Assistant Examiner: Nguyen; Judy
Attorney, Agent or Firm: Janofsky; Eric B.
Claims
What is claimed is:
1. An inkjet cartridge comprising:
a recording head having nozzles for ejecting ink in accordance with
recording data received from a host processor;
an ink reservoir for accommodating recording ink and having an open
end, a closed end, a thick-wall region and a thin-wall region, said
ink reservoir being in communication with said recording head so
that the ink stored in said ink reservoir is supplied to said
nozzles;
a housing, wherein said ink reservoir and recording head are
arranged in said housing;
a through-hole provided in a side of said housing disposed facing
the thick wall region for accommodating an end of a pressure rod,
the pressure rod for applying pressure to the thick-wall region of
said ink reservoir; and
a guide disposed around one of
(1) the thick-wall region of said ink reservoir and
(2) said through-hole
for guiding the end of the pressure rod to the thick-wall region of
said ink reservoir.
2. An inkjet cartridge according to claim 1, wherein a thickness of
the thick-wall region of the ink reservoir is two to ten times that
of the thin-wall region of said ink reservoir.

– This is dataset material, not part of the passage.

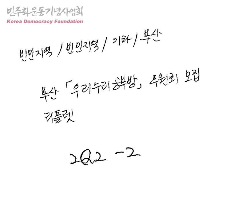 집,밥 그리고 평화-부산 '우리누리공부방' 후원회 모집 리플렛

3. An inkjet cartridge according to claim 1, wherein the thick-wall
region of said ink reservoir is provided in a bottom region of the
ink reservoir and said through-hole is provided in a bottom region
of said housing.
4. An inkjet cartridge according to claim 1, wherein the thick-wall
region comprises an area in a range of approximately one-quarter to
one-half a circumference of said ink reservoir.
5. An inkjet cartridge according to claim 1, further comprising a
channel arranged around said nozzles for stopping a predetermined
quantity of ink, which is expelled from said ink reservoir by
pressure from the pressure rod.
6. An inkier cartridge according to claim 1,
wherein said ink reservoir is arranged on a carriage,
wherein the carriage moves along a first direction,
wherein the open end of said ink reservoir has a first length along
the first direction,
wherein the open end of said ink reservoir has a second length
along a second direction other than the first direction, and
wherein the first length is greater than the second length.
7. An inkier cartridge according to claim 1,
wherein the pressure rod is inserted through said through-hole in a
first direction,
wherein the open end of said ink reservoir has a first length along
the first direction,
wherein the open end of said ink reservoir has a second length
along a second direction other than the first direction, and
wherein the first length is smaller than the second length.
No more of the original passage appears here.